UNIX> bin/hash_tester 10 Last7 Linear 'Hash> '
Hash> A a Fred
Hash> P
0 a Fred
Hash> Q
UNIX>
Since 0xa = 10, the hash value is 10, which means that the key/val go to
index 0.
Let's try some of those example keys above:
UNIX> bin/hash_tester 10 Last7 Linear 'Hash> '
Hash> A b9937df3fefbe66d8fcdda363730bf14 Fred # This hashes to 0x730bf14 = 120635156,
Hash> P # So it goes into index 6.
6 b9937df3fefbe66d8fcdda363730bf14 Fred
Hash> A 11 Luther # This hashes to 0x11 = 17,
Hash> P # So it goes into index 7.
6 b9937df3fefbe66d8fcdda363730bf14 Fred
7 11 Luther
Hash> F b9937df3fefbe66d8fcdda363730bf14
Found: Fred
Hash> F Fred # Fred is a value, not a key, so we can't find it.
Not found.
Hash> Q
UNIX> bin/hash_tester 10 XOR Linear 'Hash> '
Hash> A a000000a0000101 Fred # Recall from above that this hashes to 0x11 = 17.
Hash> P
7 a000000a0000101 Fred
Hash> Q
UNIX>
This example shows linear probing in action because
"001",
"1" and
"a000000b" all hash to values that equal 1 mod 10:
UNIX> bin/hash_tester 10 XOR Linear 'Hash> '
Hash> A 001 Fred
Hash> A 1 Binky
Hash> A a000000b Baby Daisy
Hash> P
1 001 Fred
2 1 Binky
3 a000000b Baby Daisy
Hash> TP
3
Hash> Q
UNIX>
The total number of probes is three, because finding "001",
requires zero probes, "1" requires one and "a000000b"

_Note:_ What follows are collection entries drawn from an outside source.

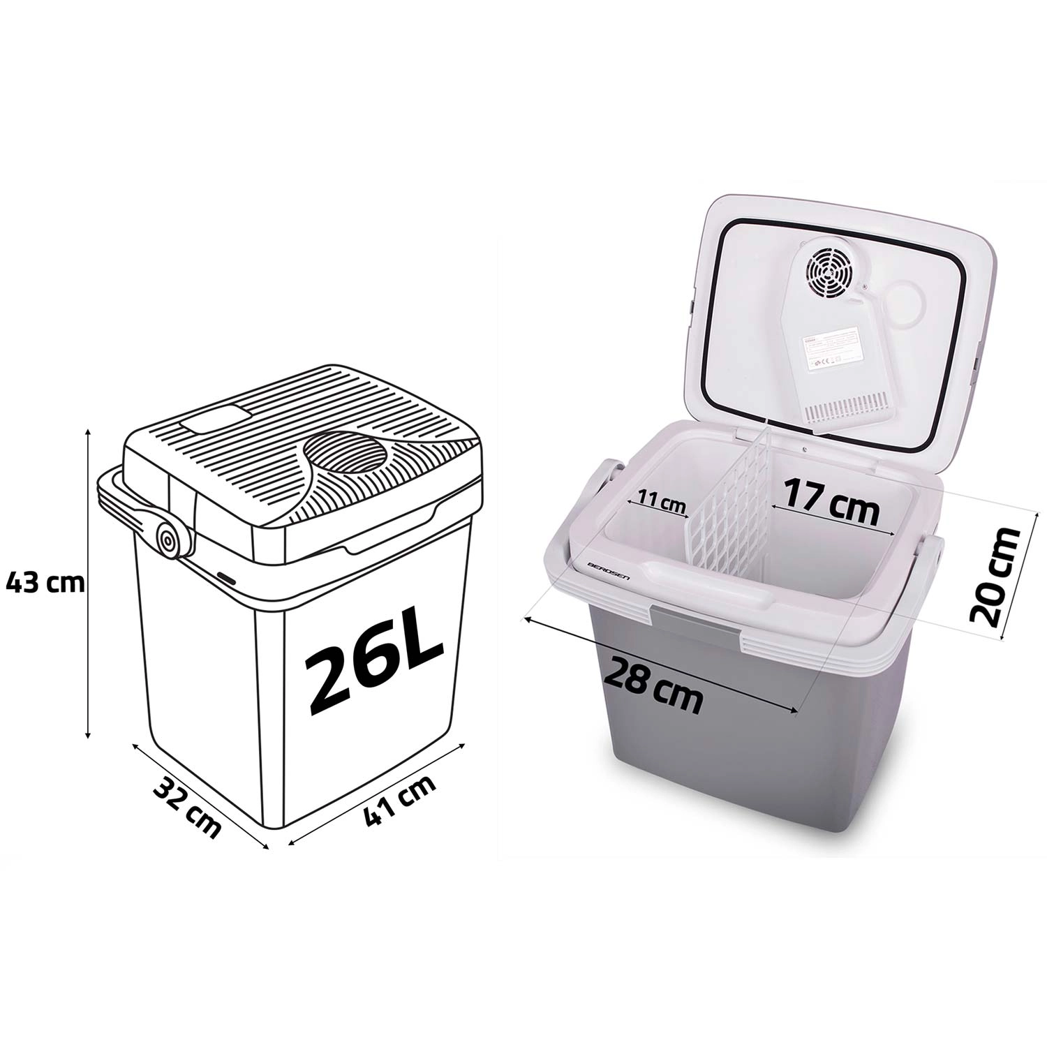 Lichte reis-koelbox met koel- en verwarmingsfunctie en een inhoud van 26 liter houdt etenswaren en dranken onderweg op de ideale temperatuur. Biedt een elektronisch display met instelbare doeltemperatuur, ECO- en Normal-modi, voeding 12 V voor in de auto en 230 V voor het stopcontact en stille werking van 39 dB. Dankzij de geïntegreerde ventilator is de koeling gelijkmatig en de praktische inklapbare handgreep vergemakkelijkt het dragen.
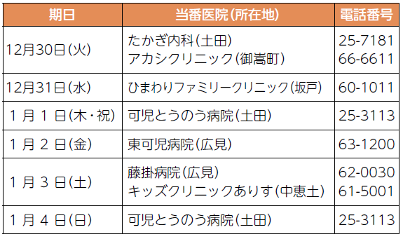 可児市・御嵩町の年末年始の実施医療機関です。
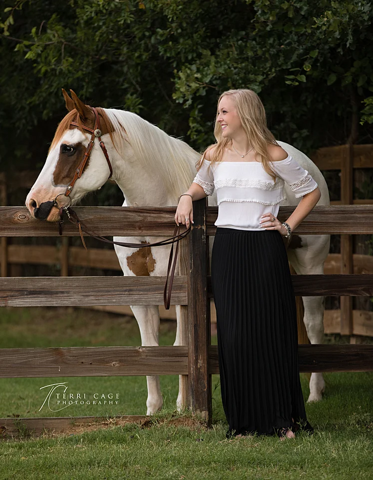 I did Emily's family portraits several years ago and was honored that they had me bad to photograph her senior pictures. I loved all the outfits that she had chosen for her session and Sheila with Horse Show Makeup Artist did her hair and makeup. Emily agreed to do a early morning session and the light was fantastic. Much of the session was done at their neighbors by beautiful stock tank and in their backyard by a wonderful natural looking pool. We then returned to her home do do some of her senior photos with her horse, Vinny. Vinny is an Appaloosa that has tons personality. Vinny is fairly new to Emily and they plan on showing soon.
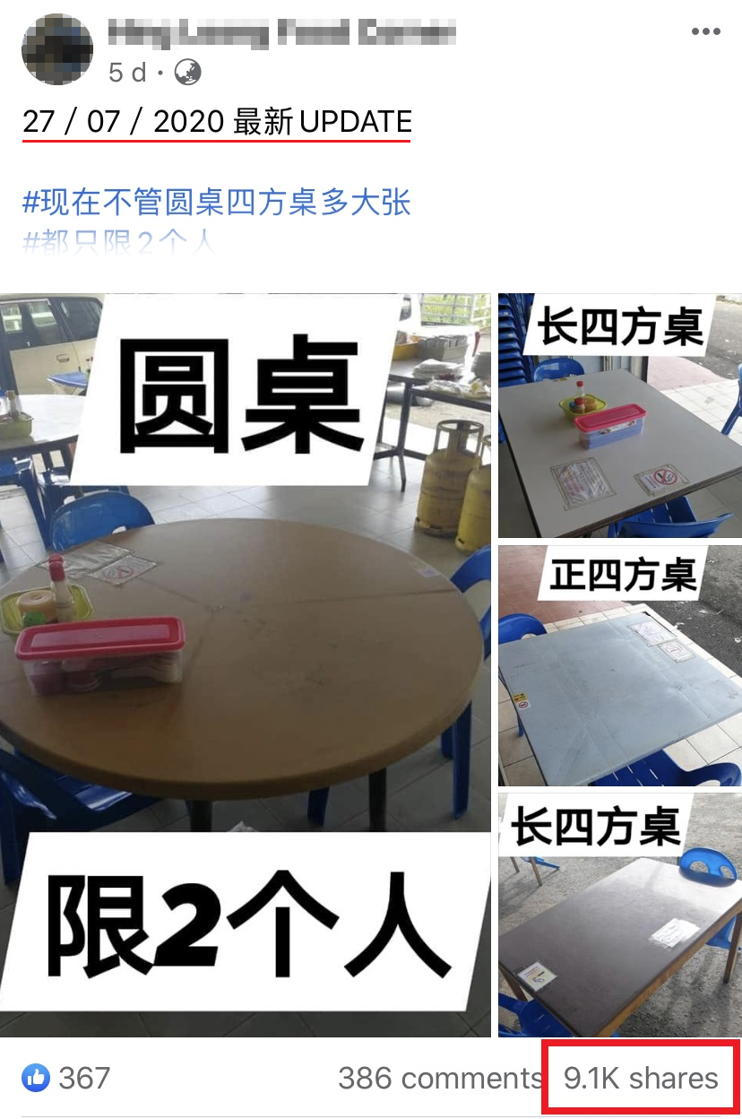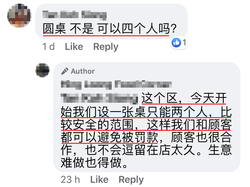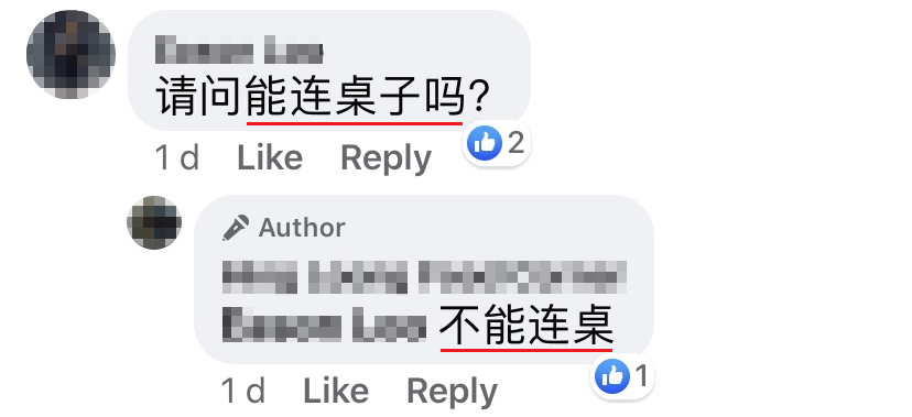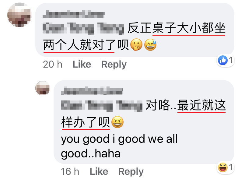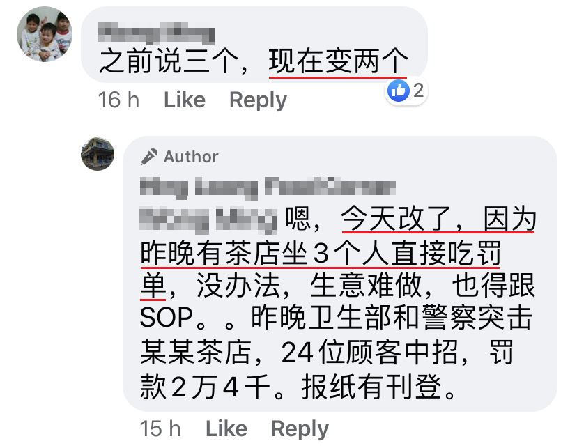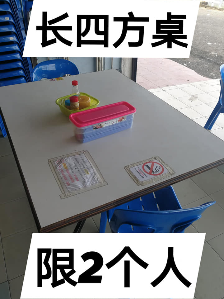 除了这些,餐厅内的桌子限制人数也有所更改!据以下这家咖啡店的面子书专页透露,现在不管是圆桌或四方桌,都只能坐2位客人!

requires two. The total is therefore three.
Let's try a harder example with double hashing:
UNIX> bin/hash_tester 10 Last7 Double 'Hash> '
Hash> A 2 Fred
Hash> A 00000100000002 Binky
Hash> A c Luther
Hash> P
0 00000100000002 Binky
2 2 Fred
4 c Luther
Hash> TP
2
Hash> Q
UNIX>
Each of these keys hashes to two. First, "2" goes into index two.
Then "00000100000002" collides. Its hash value using XOR is
0x12 = 18. We take 18 mod 10 and that gives us an increment of 8. Thus,
the first probe will try 2+8 = 10, which is 0 mod 10. Since that slot is
empty, "00000100000002" goes into index 0. Finally, when "c"

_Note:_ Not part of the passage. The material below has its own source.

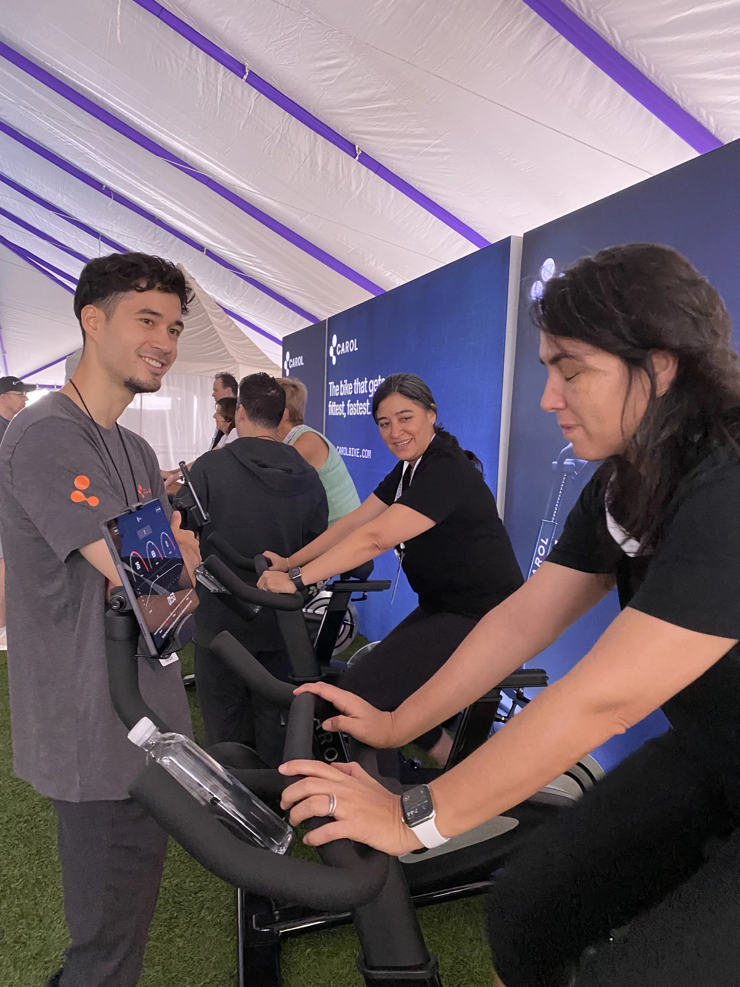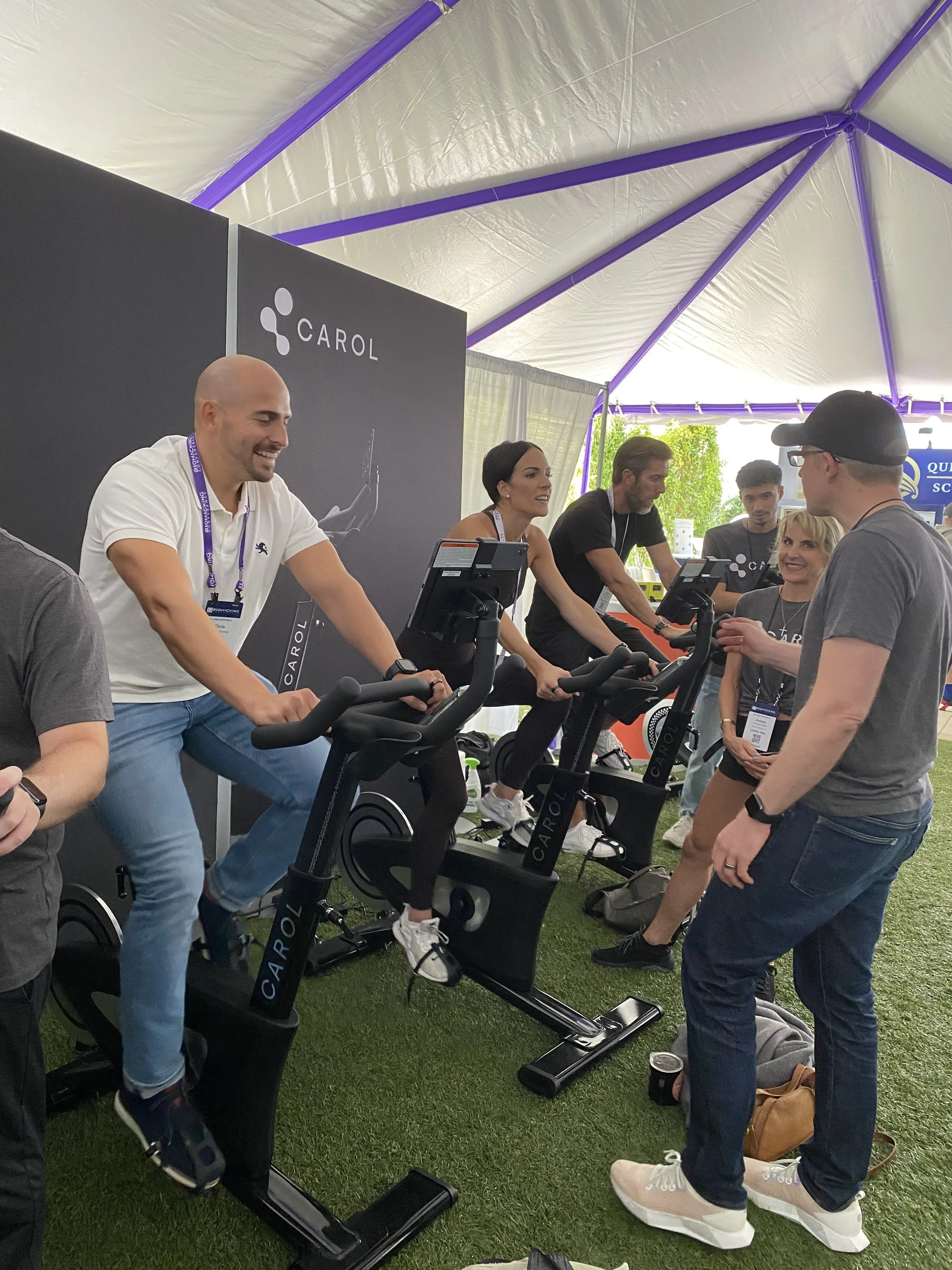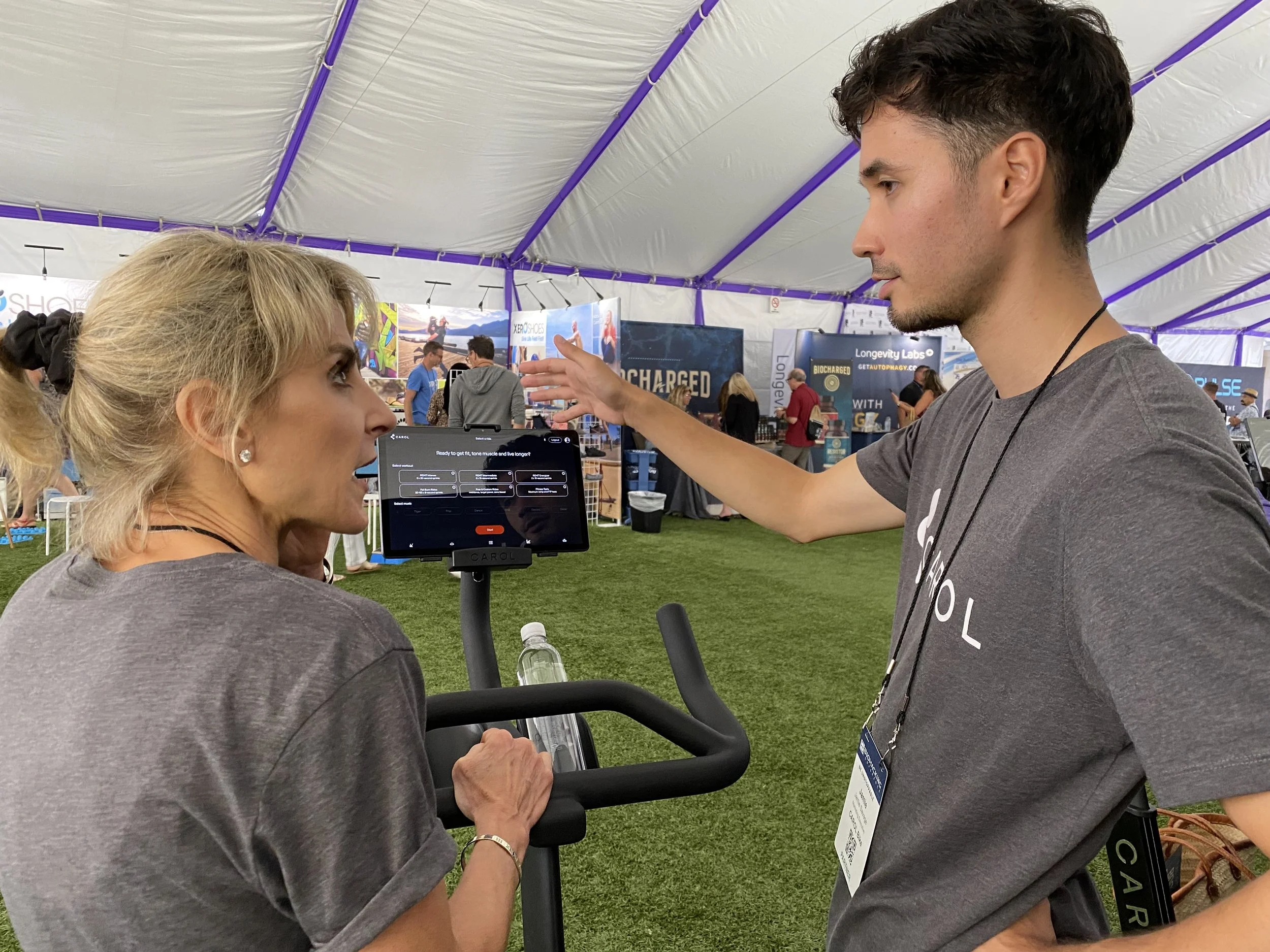 To grab tradeshow attendees’ attention on an expo floor is always challenging. At the Biohacking Conference where every type of biohacking equipment (including cold plunges, hyperbaric chambers, and potions) are vying for attention, it can be extra challenging. Also, with few U.S.-based staff members, Carol Bike needed to staff their booth with social media influencers and existing Carol Bike clients. The need for this support team to provide correct and consistent messaging, that was on-brand, was critical.

collides, its hash value using XOR is also 2. Therefore, it goes into
index 2+2=4.
When we call TP, it returns 2, because "2" has zero probes, and "00000100000002" and "c" have one each.
Two final examples -- the first shows an example where the second hash produces an increment of zero. In that case, you set it to one:
UNIX> bin/hash_tester 10 Last7 Double 'Hash> '
Hash> A 0 Fred
Hash> A a Binky
Hash> P
0 0 Fred
1 a Binky
Hash> TP
1
Hash> Q
UNIX>
When we insert "a", both hash functions return 10, which equals 0 mod 10.
Thus, we set the second hash function to 1, and the value goes into index 1.
The last example shows three keys that hash to 5 with both functions:
UNIX> bin/hash_tester 10 Last7 Double 'Hash> '
Hash> A 5 Fred
Hash> A f Binky
Hash> P
0 f Binky
5 5 Fred
Hash> A 19 Luther
A 19 Luther
Cannot insert key
Hash> Q
UNIX>
When we try to put the third key into the table, it can't go there, because it keeps
trying indices five and zero. Your code needs to work in this case -- it needs to
identify that the key cannot go into table.